L’église St. Peter’s

Les fidèles anglicans du littoral sud de la péninsule de Forillon se rassemblent chaque dimanche à Petit-Gaspé dès les années 1840. Plusieurs familles fondatrices de Grande-Grave fréquentent l’église St. Peter’s, dont les Dolbel, les Roberts, les Bartlett et les Gavey.

La construction de l’église St. Peter’s, débutée en 1864, s’achève en 1885. Admirez sa toiture à deux versants dotée de larmiers retroussés (inspirée de l'architecture domestique québécoise), son clocher surmonté d’une croix intégrant une girouette, ses grandes fenêtres latérales en plein-cintre ainsi que l’imposte vitrée semi-circulaire et l’oculus, au-dessus du portail d’entrée.

L'église St. Peter's adopte un style rare dans l’architecture religieuse protestante de la fin du XIXe siècle : le vernaculaire classique. (On n’en retrace que quelques exemples au Québec, comme la Christ Church de Stoneham.) L’exceptionnel ouvrage de sa charpente en bois, dont les couches de planches rappellent la construction d’un navire, témoigne pour sa part d’un savoir-faire traditionnel influencé par la charpenterie de marine.

Les cimetières

Le parc national Forillon compte cinq cimetières patrimoniaux :

  • les cimetières anglicans St. Matthew’s à Penouille et St. Peter’s à Petit-Gaspé,
  • les cimetières catholique Saint-Augustin et de l’Église Unie (Grande-Greve United Church) à l’Anse-Saint-Georges,
  • le cimetière méthodiste/Église Unie (Grande-Greve United Church) à l’Anse-aux-Amérindiens.

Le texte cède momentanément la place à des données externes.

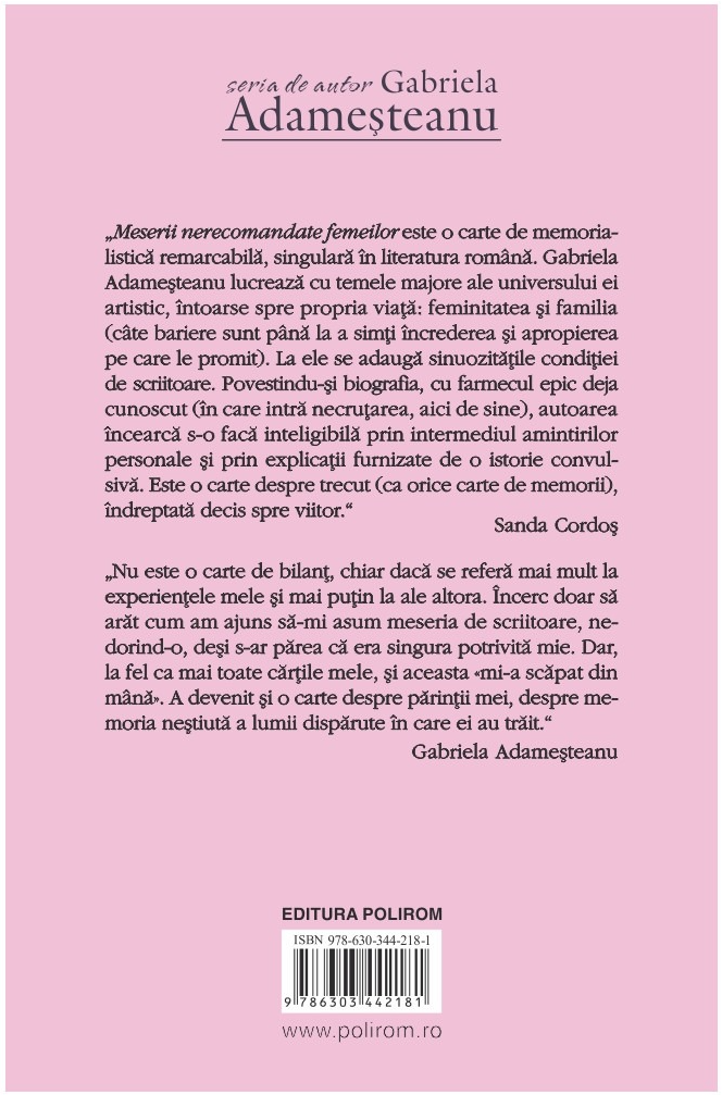 „Meserii nerecomandate femeilor este o carte de memorialistică remarcabilă, singulară în literatura română. Gabriela Adameșteanu lucrează cu temele majore ale universului ei artistic, întoarse spre propria viață: feminitatea și familia (câte bariere sunt până la a simți încrederea și apropierea pe care le promit). La ele se adaugă sinuozitățile condiției de scriitoare. Povestindu-și biografia, cu farmecul epic deja cunoscut (în care intră necruțarea, aici de sine), autoarea încearcă s-o facă inteligibilă prin intermediul amintirilor personale și prin explicații furnizate de o istorie convulsivă. Este o carte despre trecut (ca orice carte de memorii), îndreptată decis spre viitor.” (Sanda Cordoș)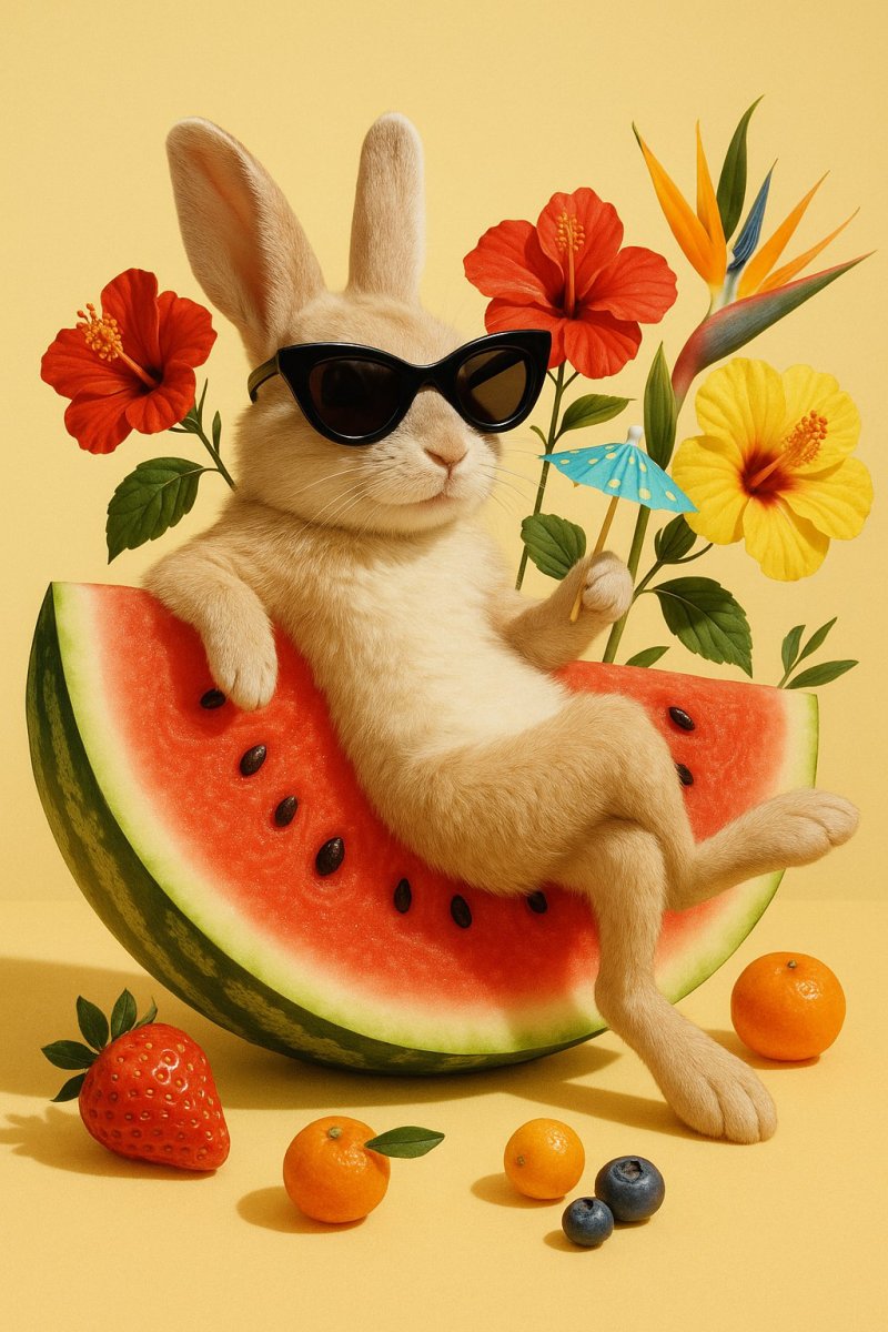 2. amusing scene of a rabbit in sunglasses relaxing on a giant slice of watermelon, holding a tiny cocktail umbrella in one paw, surrounded by small fruits and vibrant floral decorations, the atmosphere is light-hearted and sunny.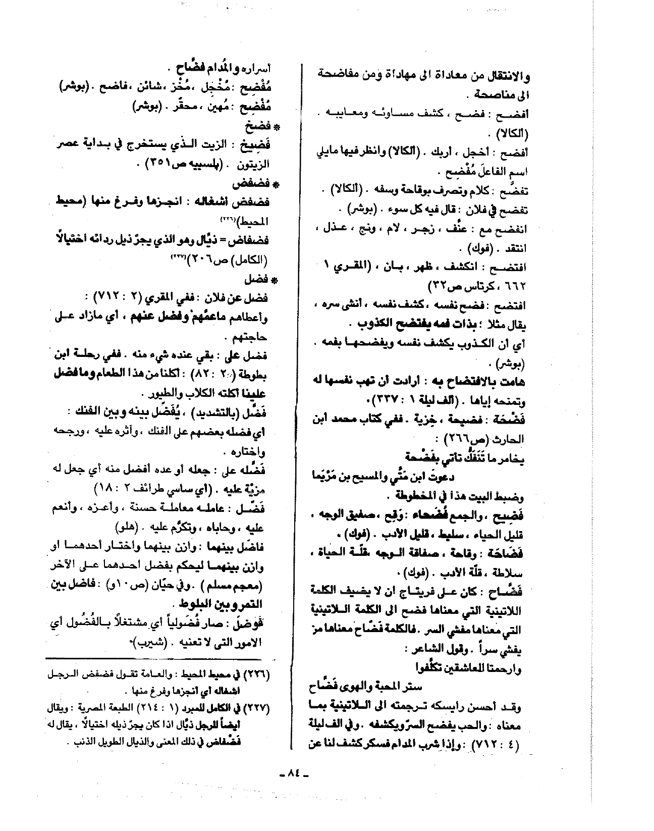 فضاح: كان فريتاج أن لا يضيف الكلمة اللاتينية التي معناها فضح إلى الكلمة اللاتينية التي معناها مفشي السر. فالكلمة فضاح معناها من يفشي سرا. وقول الشاعر: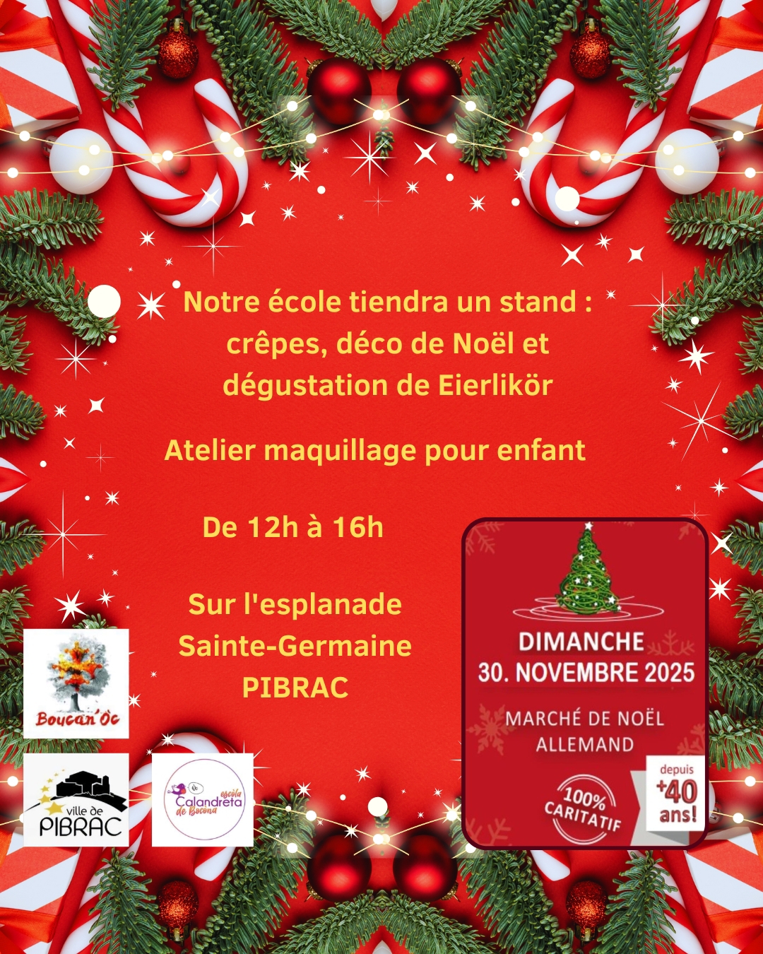 Rendez vous le dimanche 30 novembre 2025 sur l’esplanade de Pibrac de 12h00 à 16h00 où nous vendrons des décoration de Noël, des crêpes et de la Eierlikör en dégustation. Nous animerons aussi un stand maquillage d’enfant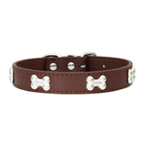 Nini, collier en cuir pour chiens notamment petits chiens, orné de l'os en métal. Existe en plusieurs couleurs.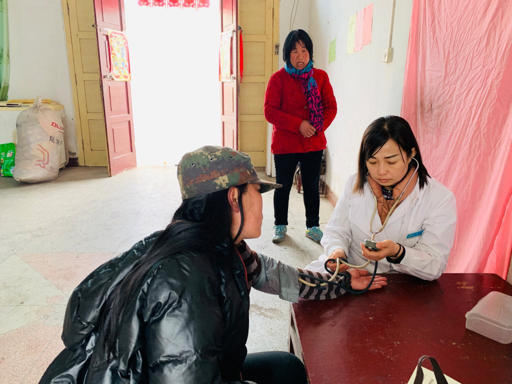 鉴于部分贫困户行动不便,医院医疗队在村卫生室工作人员的带领下,入户为他们检查身体,送去治疗药品。

Ces cimetières anciens demeurent des lieux sacrés.

Ils possèdent également une haute valeur patrimoniale. L’histoire du peuplement de Forillon y est littéralement gravée dans la pierre : parcours des familles pionnières, diversité des origines et des confessions religieuses, métissages linguistiques et culturels, etc. Les rites que l’on continue d’y pratiquer, plus de 50 ans après la création du parc, témoignent du sentiment d’appartenance des anciens résidents de Forillon et de leurs descendants.

Nous vous invitons à respecter le caractère sacré de ces lieux en y circulant calmement, en silence, et en préservant l’intimité des visiteurs venus se recueillir.